What Jane wanted was her old decoder back, but she was told that wasn’t going to happen either - it would be destroyed. 

She was furious on being told that the sales call had been listened to and there was no misrepresentation - she’d got what they said she’d get, they said. 

“I’m told them I wasn't disputing what I received,” Jane says.

The woman kept repeating ‘there’s no misrepresentation’ and I kept saying, 'you are not understanding my complaint. I got what you said I was going to get, but what you didn’t tell me, and shouldn’t told me, was that we’d lose the PVR functions on the second set.  I cannot fast forward, I cannot rewind, I cannot pause, I cannot watch Catch Up and I cannot watch Box Office.
“What they gave me is useless for our family.”

That’s when Jane approached me for help.

'We have taken this up with On Air'

I took up the cases with Multichoice, having heard one of the recordings, and the company came back to me to say that the recordings proved that vital information about the PVR functionality had indeed not been disclosed.

“We sincerely apologise,” Multichoice said. “We have taken this up with On Air and amended their scripts to ensure this is explained to our customers in future.”

And as compensation, they were both given a second Explora decoder - free - to replace the HD one in their XtraView set-up , giving them access to PVR functionality and Catch Up services on both decoders in the home, for just one subscription fee, plus R80 for XtraView.

I wrote up the story in my column in The Times on Monday and since then, I’ve heard from many others, all alleging that they, too, were misled in the same way and they, too, want Multichoice to swap that second HD decoder for an Explora. And if their call recordings back up what they’re saying, they’d be entitled to that.

I’ve told them to email Multichoice and copy me.

So Multichoice is listening to a lot of calls at the moment, and I suspect they’ll have to produce many free Exploras in the coming weeks.
To be clear,  to get full PVR on two or more of your TVs, you need an Explora for each of them. But you’ll pay the same monthly subscription as with your old decoder - which covers two or more Exploras - plus R80 for Xtraview and PVR.

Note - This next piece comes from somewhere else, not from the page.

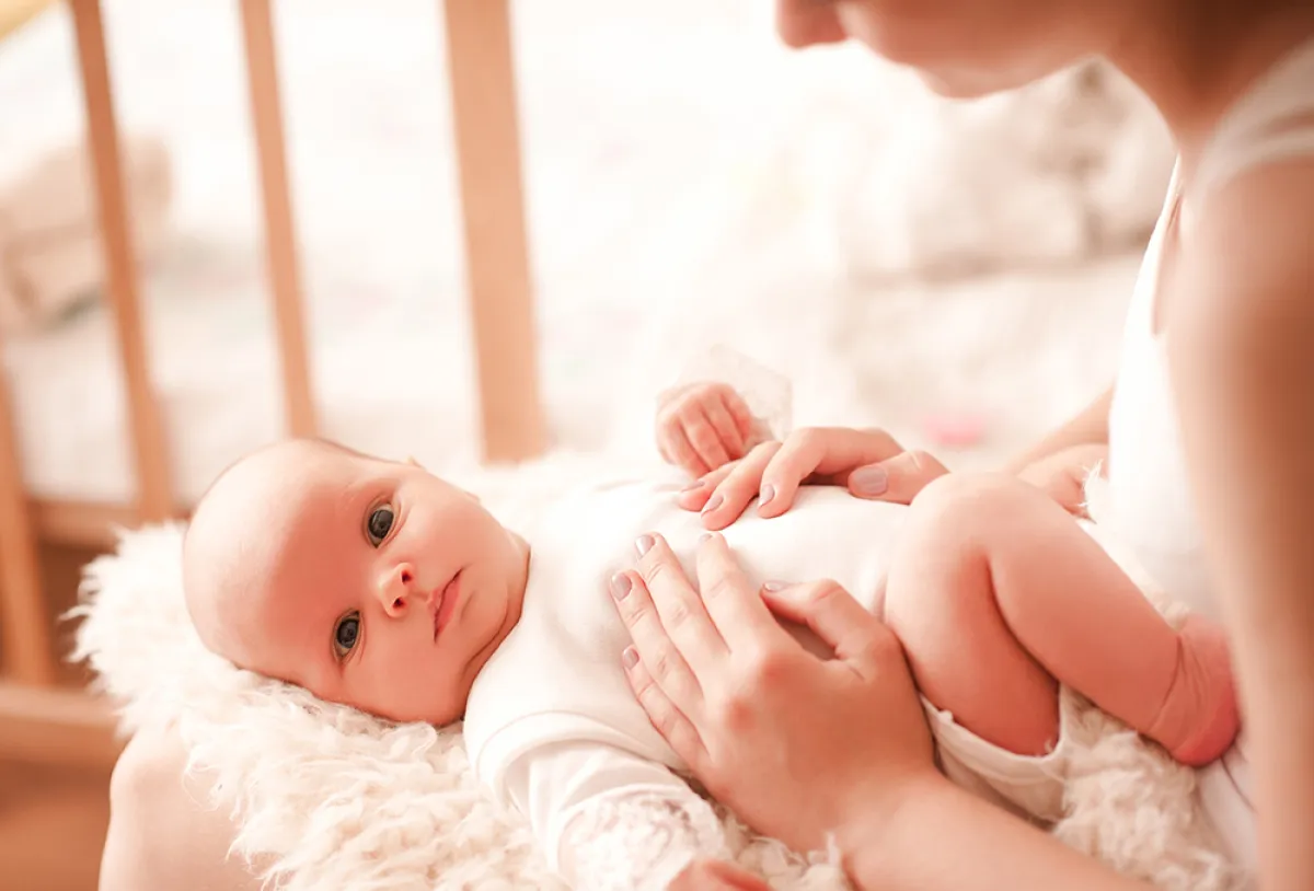 تدليك بطن الرضيع بزيت الزيتون الدافئ يساعد على تخليصه من الغازات

Quite a few people responded to my Times column saying their old decoders were insured by Multichoice, so what happens if they stop working or get stolen?

A Multichoice spokesman said they’d be replaced with a new Explora at no extra cost.

Moral of the story - a call recording really is there for your protection. If you feel you were misled, you have a legal right to demand access to the recording in order to prove your point and get recourse.